As I've mentioned here before, I have traditionally had my students keep a written lab notebook of all the actions they take as they set up and administer their machines. This year, I'd like to have them keep their notebooks online in a blog. That enables me to keep up with what their writing in an aggregator rather than everyone passing bulky written notebooks around.
I've got a few options:
- Have the students use Radio. Pros: its easy Cons: it costs money and they won't necessarily have there own windows box to run it on (the lab machines will be running Linux).

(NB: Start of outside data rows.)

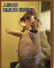
人形土器 有馬遺跡(渋川市)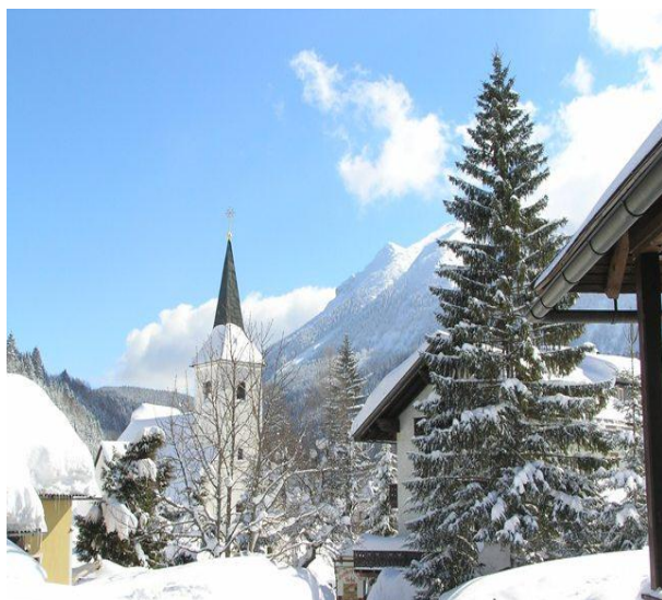
Szállás Sporthotel, Lackenhof Pályaszállás, ülőszékes felvonótól 100m-re

2012. március 15-18. csütörtöktől vasárnapig Lőrinc Kupa Síverseny márc. 17-én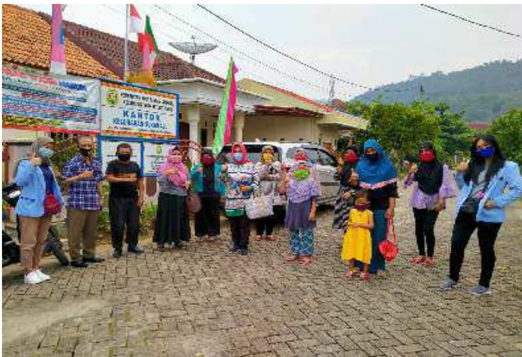
Tim PKM dan Ibu-ibu Kelompok Pengrajin Emping di depan Kantor Kelurahan Sukamaju.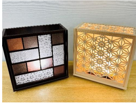
彩り障子と桜組子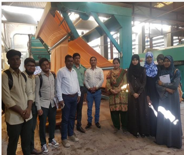
Stdents and Staff at coloring unit at Gujja Textiles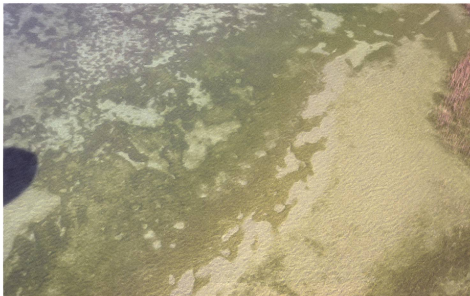
Fig. 2. Vue aérienne de la station lacustre de Font – Trabiétaz (FR), 2021.

Par Dr. Philippe Baeriswyl, collaborateur scientifique auprès du Centre NIKE et responsable des Monuments auprès des Site et Musée romains d'Avenches, philippe.baeriswyl@nike-kulturerbe.ch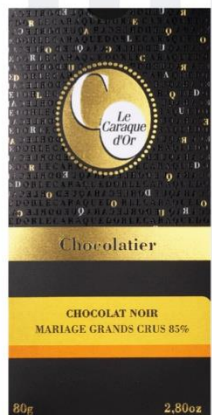
CHOCOLAT NOIR MARIAGE GRANDS CRUS 85% 80 gr - 5,10€ Ref : 22.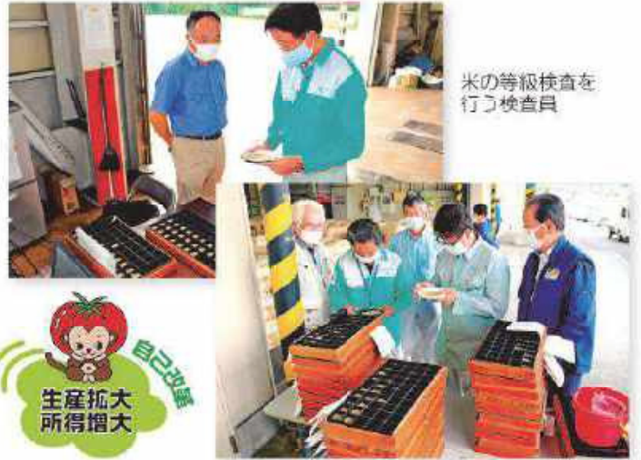
米の等級検査を行う検査員

- Have the students install something on their lab machine like Slash or Monoraul Jerk. Pros: they control it and its free. Cons: they won't be sophisticated enough for these installations until a month into the class (although its a great exercise).
- Use the Slashcode Journal system that I already have running on the class site. Pros: its easy. Cons: no possibility for multiple channels or RSS.
Turns out that the pleasant surprise is that the Slash journal system does do RSS. I was thinking, "OK, I could modify journal.pl to output RSS." There's already a "op=display" parameter. Lo and behold, if you change the "display" to "rss" you get RSS. Pretty cool.
I will need to modify journal.pl a little. It doesn't put the journal writers name in the title, but in the description field which many aggregators doesn't display. Having 40-50 sites show up in my aggregator all labeled "CS462, Enterprise Computing Journals" wouldn't work. [Update: I made the change easily in just a few minutes.]